Arab historian (1073–1160)

Abū Yaʿlā Ḥamzah ibn al-Asad ibn al-Qalānisī (ابو يعلى حمزة ابن الاسد ابن القلانسي; c. 1071 – 18 March 1160) was an Arab politician and chronicler in 12th-century Damascus.

==Biography==

Hamza, whose kunya was Abū Yaʿlà and nisba was al-Qalānisī 'the Hatter', descended from the Banu Tamim, and was among the well-educated nobility of the city of Damascus. He studied literature, theology, and fiqh and served firstly as a secretary in, and later the head of, the Chancery of Damascus. He served twice as raʾīs of the city, an office equivalent to mayor.

=="Chronicle of Damascus"==
His chronicle, the Dhail Taʼrīkh Dimashq or Mudhayyal Taʼrīkh Dimashq 'Continuation of the Chronicle of Damascus' was an extension of the chronicle of Hilal al-Sabi', covering the years 1056 to al-Qalanisi's death in 1160. This chronicle is one of the few contemporary accounts of the First Crusade and its immediate aftermath from the Muslim perspective, making it not only a valuable source for modern historians, but also for later 12th-century chronicles, including ibn al-Athir. He also witnessed the siege of Damascus in 1148 during the Second Crusade, which ended in a decisive crusader defeat.

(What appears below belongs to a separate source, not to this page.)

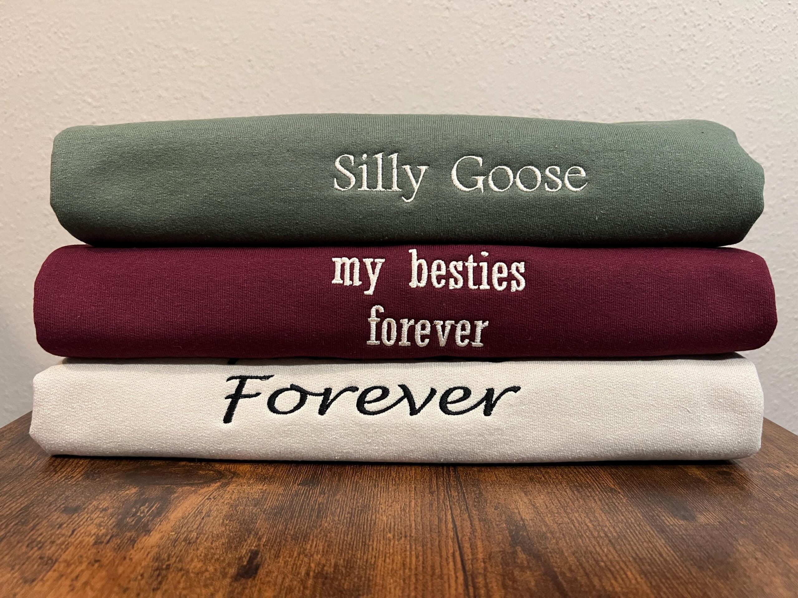 Our advanced embroidery machine brings your text to life, creating a one-of-a-kind keepsake you’ll treasure for years. Design your custom embroidered sweatshirts today and express your personal style in a way that’s truly your own.
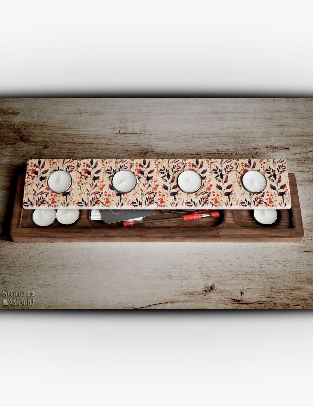 Ahşap altlıklar yedek mum saklama alanı olarak veya çok amaçlı dekoratif kullanım için değerlendirilebilir.

The entire material of his chronicle covers the time span of two generations, his father's and his own, al-Qalanisi having experienced the First Crusade at a mature age, although apparently not as a fighter. Analysing the text, H. A. R. Gibb, his first English translator, reaches the conclusion that al-Qalanisi has extracted his information both from eyewitnesses and documents, a fact strengthened by al-Qalanisi's own description of his modus operandi. As a result of al-Qalanisi's careful work, a chief quality noted by Gibb is the accuracy of the chronology of events, for which he even offers the day of the week. Gibb extracted from the chronicle and translated into English the material covering the period 1097–1159, which he published in 1932.

==Sources==
- Ibn al-Qalanisi (2002). "The Damascus Chronicle of the Crusades: Extracted and translated from the chronicle of Ibn Al-Qalanisi"
- Christie, Niall (2006). "Ibn al-Qalanisi (d. 1116)"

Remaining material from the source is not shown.